Remember that it is we who torment, we who make difficulties for ourselves – that is, our opinions do. What, for instance, does it mean to be insulted? Stand by a rock and insult it, and what have you accomplished? If someone responds to insult like a rock, what has the abuser gained with his invective? – Epictetus
– Does it matter what others think of me?
– Who is one person who could use an encouraging word today?
– If I should get fired (or in some way “fail”) at work today, what good might come from that?
– What is going well?
– In what way can I set an example for my colleagues/clients/family today? (Perhaps through kindness, a listening ear, diligence, eating a healthy lunch/dinner?)
– What am I doing better now than I used to? What helped me get there? Who helped me get there?
– What faculties and abilities do I take for granted that allow me to do what I do?
– Why am I at this place? What led me here? What keeps me?

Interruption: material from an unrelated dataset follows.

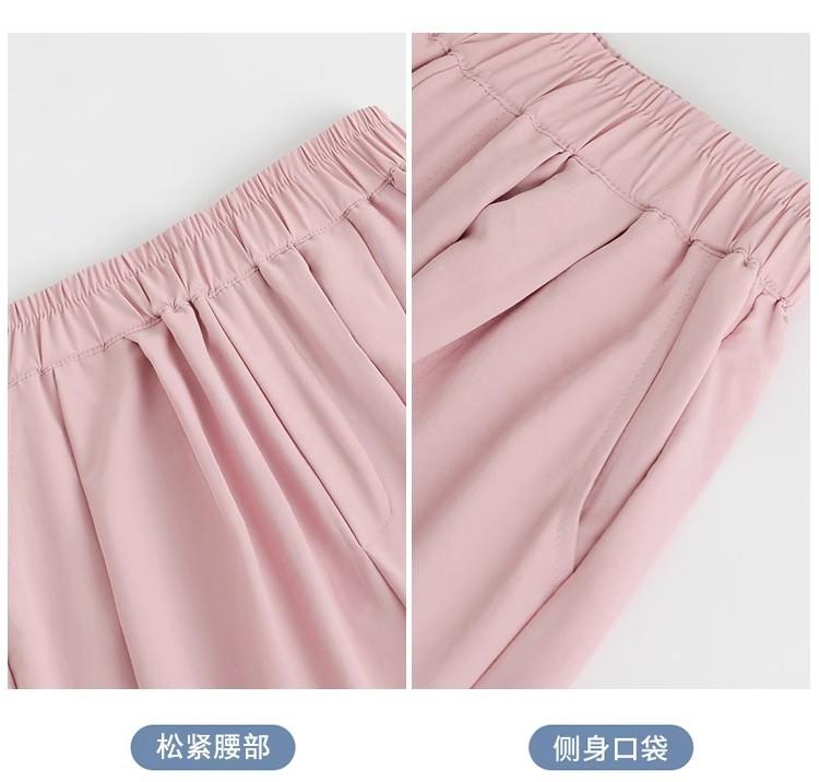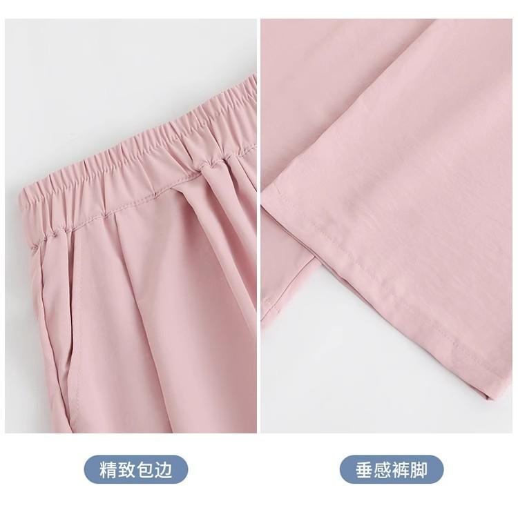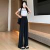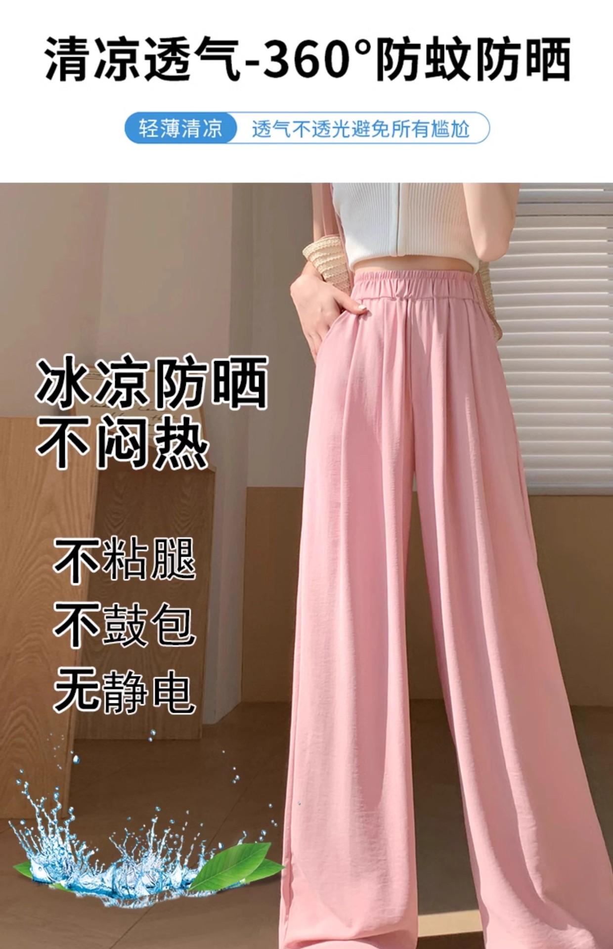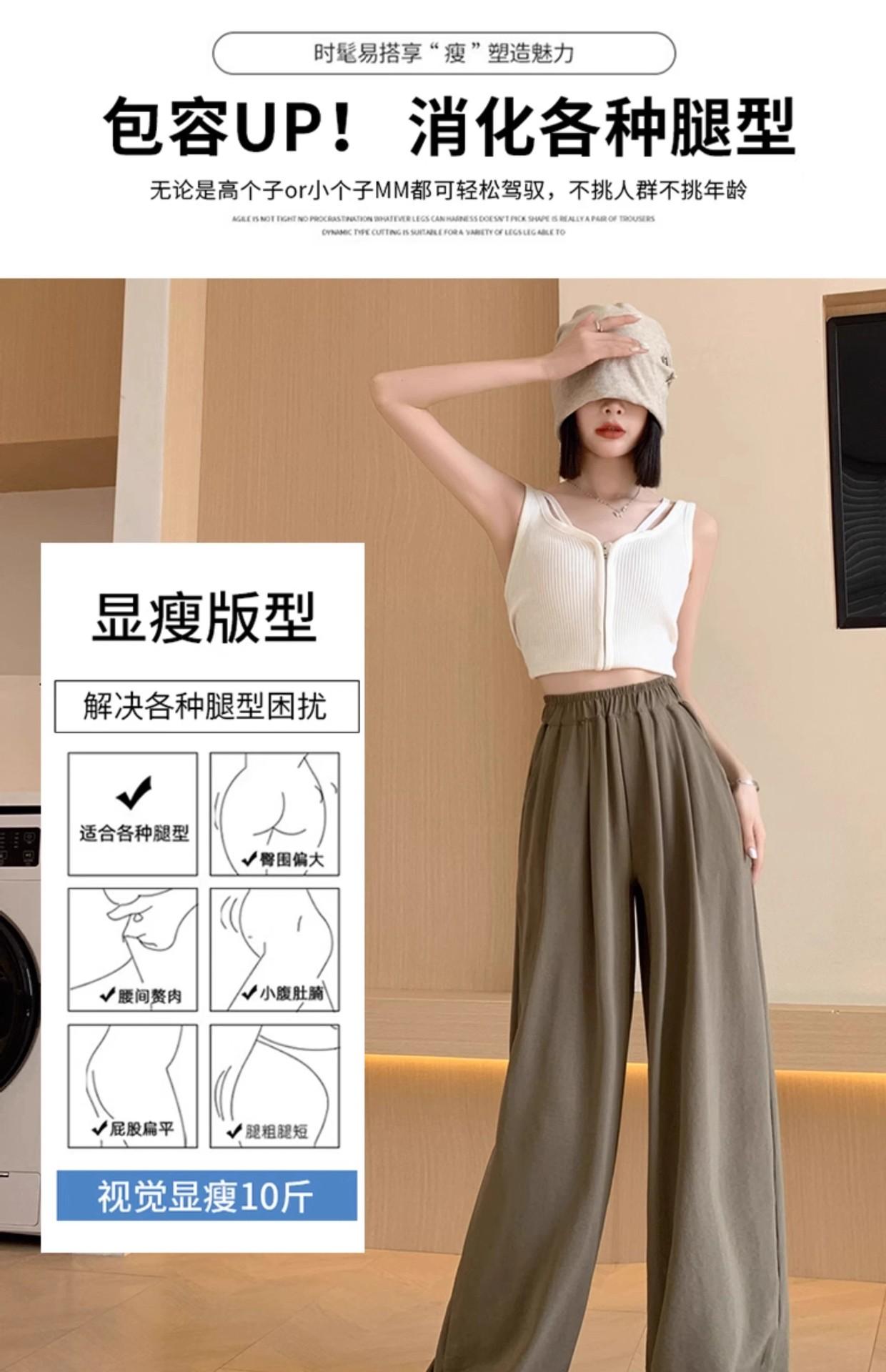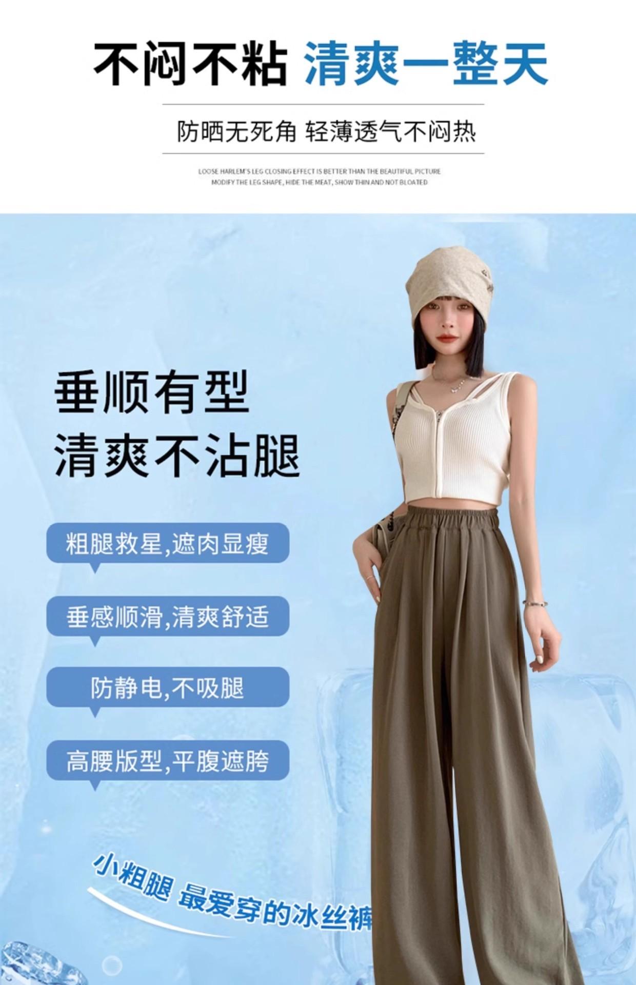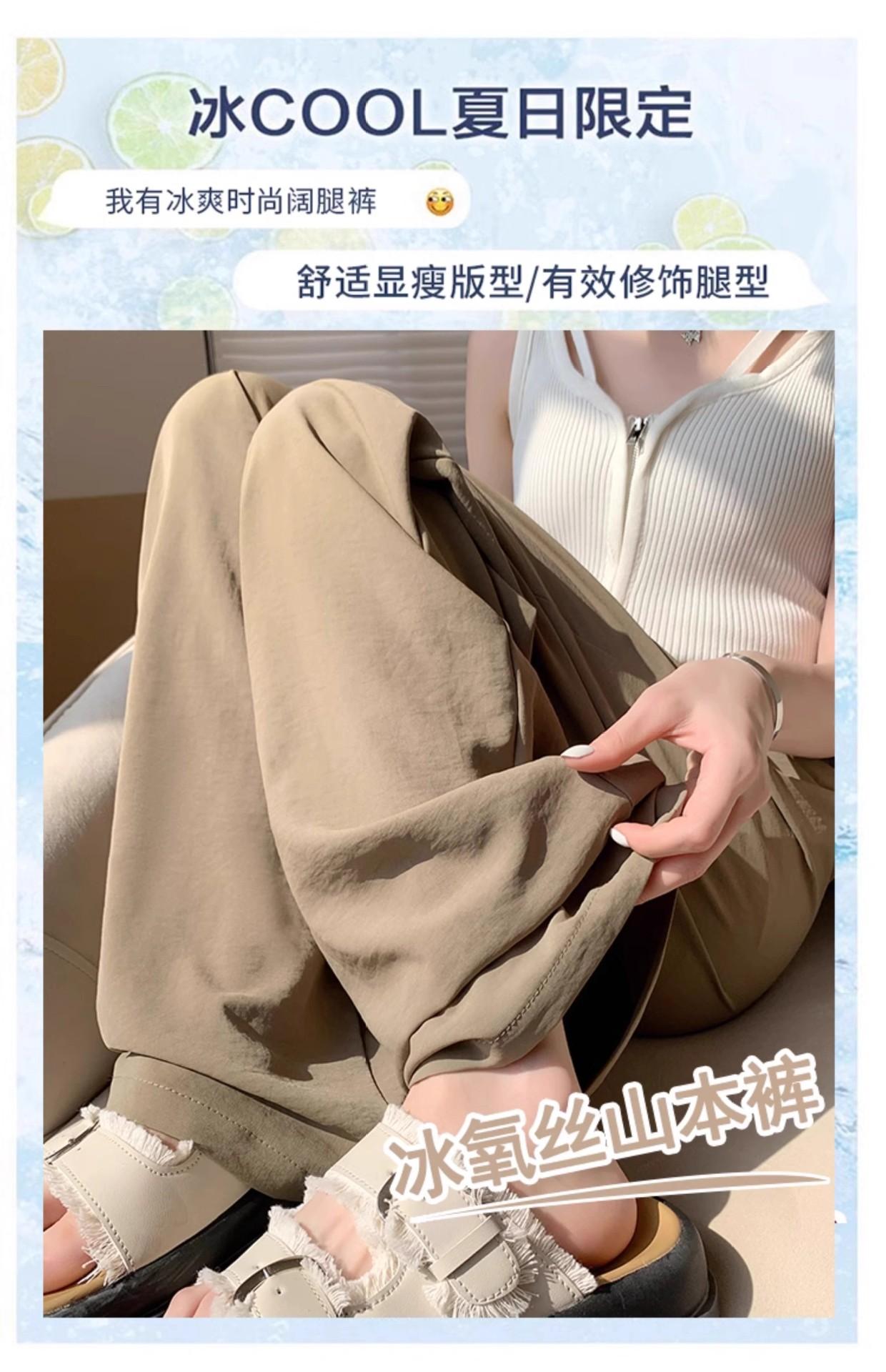 Diseño de Seda de Hielo Pantalones Casuales Plisados 2024 Verano Nuevo Estilo Pierna Larga Diseño Cintura Alta Color Sólido Casual

And Some Phrases/Reminders to Tell Yourself ❤
– Who I am today is not who I was yesterday. I am stronger and more knowledgeable. I’ve learned from yesterday’s mistakes.
– My mistakes (even those mistakes I’ve accidentally repeated) do not define me. They do not diminish or describe my character, and they largely point to my level of fatigue, stress, or workload. My “success” or “failure” within this sphere of life cannot amount to or measure my worth.
– Nothing others say to me can be offensive to me unless I permit it to be.
– Others may express disappointment in me, but I am giving my very best, and seeking/implementing feedback where I can, so I have no reason to be disappointed in myself. I am only human.
– There is more to life than this workplace/position/season. And instead of pulling work into the rest of my life, I’m going to endeavor to bring beauty and life to this place.
– There will be some people who just don’t like me – no matter how hard I try to be friendly and likable – and that is perfectly OK.